Discussion in 'C Programming' started by Paul N, Jul 3, 2009.

  1. Paul N

    Paul N Guest

    I have a program which handles lines of text. My question relates to
    where I have two strings (ie arrays of char or wchar_t) and want to
    malloc a new array to hold the concatenated string.

    My first thought was that you would need to check whether adding the
    sizes was going to overflow a size_t. Otherwise you might allocate a
    new array which was too small.

    My second thought was that this was unnecessary. If a size_t can span
    the available memory, and you already have both strings in memory,
    then their combined length must fit in a size_t. So no problem.

    But on third thoughts - does a size_t have to span the available
    memory? My understanding is that it has to be big enough to hold the
    size of any object. But there's no reason why you should be able to
    allocate a single object filling the entire available memory. I
    wondered if it were possible to have a system in which, say, there ere
    several Megs of memory but it could only be allocated in segments of
    64K (I think the 286 used to work like this) and so a size_t need only
    be 16 bits?

    So do I need to worry about this or not? And is it the same in C and
    in C++? Plus, any further comments (other than general disparagement
    of malloc or of handling strings by hand) welcome!

    Thanks.
    Paul.
     
    Paul N, Jul 3, 2009
    #1
    1. Advertising

  2. * Paul N:
    > I have a program which handles lines of text. My question relates to
    > where I have two strings (ie arrays of char or wchar_t) and want to
    > malloc a new array to hold the concatenated string.


    Why not

    string const s1 = "blah blah";
    string const s2 = "blah blah aha";
    string const all = s1 + s2; // That's it! In C++.


    > My first thought was that you would need to check whether adding the
    > sizes was going to overflow a size_t. Otherwise you might allocate a
    > new array which was too small.


    You shouldn't have strings that large unless you're on a severely
    memory-challenged system like a 16-bit embedded processor.

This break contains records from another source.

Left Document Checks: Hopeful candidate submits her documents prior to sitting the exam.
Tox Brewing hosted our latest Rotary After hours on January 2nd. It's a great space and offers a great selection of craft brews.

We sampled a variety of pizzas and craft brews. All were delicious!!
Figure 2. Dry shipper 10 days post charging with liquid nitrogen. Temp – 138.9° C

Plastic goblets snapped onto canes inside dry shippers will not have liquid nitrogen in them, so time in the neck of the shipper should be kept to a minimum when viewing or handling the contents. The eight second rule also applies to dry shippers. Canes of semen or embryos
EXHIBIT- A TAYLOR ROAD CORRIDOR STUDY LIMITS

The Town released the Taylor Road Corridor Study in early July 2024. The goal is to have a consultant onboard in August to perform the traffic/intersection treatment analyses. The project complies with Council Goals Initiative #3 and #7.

    > My second thought was that this was unnecessary. If a size_t can span
    > the available memory, and you already have both strings in memory,
    > then their combined length must fit in a size_t. So no problem.
    >
    > But on third thoughts - does a size_t have to span the available
    > memory? My understanding is that it has to be big enough to hold the
    > size of any object. But there's no reason why you should be able to
    > allocate a single object filling the entire available memory. I
    > wondered if it were possible to have a system in which, say, there ere
    > several Megs of memory but it could only be allocated in segments of
    > 64K (I think the 286 used to work like this) and so a size_t need only
    > be 16 bits?


    Yes, not only could be but reportedly (reported in this group) has actually been
    the case for one C++ compiler. However, not relevant any more.


    > So do I need to worry about this or not?

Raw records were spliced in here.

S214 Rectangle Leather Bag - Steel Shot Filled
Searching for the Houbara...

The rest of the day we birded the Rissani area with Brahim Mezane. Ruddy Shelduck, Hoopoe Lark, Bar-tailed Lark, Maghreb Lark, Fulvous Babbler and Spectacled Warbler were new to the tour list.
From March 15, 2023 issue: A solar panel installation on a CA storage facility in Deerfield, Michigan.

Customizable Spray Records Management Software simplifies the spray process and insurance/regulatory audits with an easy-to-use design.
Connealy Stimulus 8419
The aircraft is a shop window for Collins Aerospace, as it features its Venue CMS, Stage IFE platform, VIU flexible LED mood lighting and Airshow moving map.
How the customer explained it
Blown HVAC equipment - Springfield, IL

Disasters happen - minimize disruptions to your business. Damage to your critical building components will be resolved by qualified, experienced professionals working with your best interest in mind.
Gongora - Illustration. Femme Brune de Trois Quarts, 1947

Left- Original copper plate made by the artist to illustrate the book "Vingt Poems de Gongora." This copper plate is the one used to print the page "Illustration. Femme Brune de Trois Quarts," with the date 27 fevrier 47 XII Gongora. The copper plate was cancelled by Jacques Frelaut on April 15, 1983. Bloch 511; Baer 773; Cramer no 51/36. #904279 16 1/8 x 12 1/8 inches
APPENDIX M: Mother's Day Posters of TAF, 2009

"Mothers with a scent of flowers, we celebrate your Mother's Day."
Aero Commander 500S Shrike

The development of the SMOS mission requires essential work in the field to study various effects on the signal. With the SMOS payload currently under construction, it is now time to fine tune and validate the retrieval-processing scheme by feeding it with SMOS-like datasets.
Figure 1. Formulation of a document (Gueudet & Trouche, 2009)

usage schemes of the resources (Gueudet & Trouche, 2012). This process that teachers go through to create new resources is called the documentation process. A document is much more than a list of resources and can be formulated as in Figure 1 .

    Not on a modern system, no.


    > And is it the same in C and in C++?


    No. In C++ you have standard library classes like std::string to deal with
    allocation. Let them. :)


    > Plus, any further comments (other than general disparagement
    > of malloc or of handling strings by hand) welcome!


    Using a signed size type can avoid a lot of silly-code workarounds.


    Cheers & hth.,

    - Alf
     
    Alf P. Steinbach, Jul 3, 2009
    #2
    1. Advertising

  3. Paul N

    Eric Sosman Guest

    Paul N wrote:
    > I have a program which handles lines of text. My question relates to
    > where I have two strings (ie arrays of char or wchar_t) and want to
    > malloc a new array to hold the concatenated string.
    >
    > My first thought was that you would need to check whether adding the
    > sizes was going to overflow a size_t. Otherwise you might allocate a
    > new array which was too small.
    >
    > My second thought was that this was unnecessary. If a size_t can span
    > the available memory, and you already have both strings in memory,
    > then their combined length must fit in a size_t. So no problem.
    >
    > But on third thoughts - does a size_t have to span the available
    > memory? My understanding is that it has to be big enough to hold the
    > size of any object. But there's no reason why you should be able to
    > allocate a single object filling the entire available memory. I
    > wondered if it were possible to have a system in which, say, there ere
    > several Megs of memory but it could only be allocated in segments of
    > 64K (I think the 286 used to work like this) and so a size_t need only
    > be 16 bits?
    >
    > So do I need to worry about this or not? And is it the same in C and
    > in C++? Plus, any further comments (other than general disparagement
    > of malloc or of handling strings by hand) welcome!


    In C (I don't know C++), size_t suffices to count the
    bytes of the largest possible object, and perhaps higher.
    It is not guaranteed that an object could be large enough
    to occupy all of memory, so size_t is not guaranteed to be
    able to count all the bytes in memory. You could, perhaps,
    have two or three or N largest-size objects in memory at the
    same time, and the sum of their sizes might be too large for
    size_t to express. In theory, anyhow.

    Should you worry? That's really your decision, not mine.
    If you're writing for "mainstream" systems with "flat" memory,
    probably not. If you're writing for embedded applications or
    for "exotic" machines, perhaps a few sleepless nights would
    be called for.

    --
    Eric Sosman
    lid
     
    Eric Sosman, Jul 3, 2009
    #3
  4. Paul N

    Jonathan Lee Guest

    On Jul 3, 10:20 am, Paul N <> wrote:
    > So do I need to worry about this or not?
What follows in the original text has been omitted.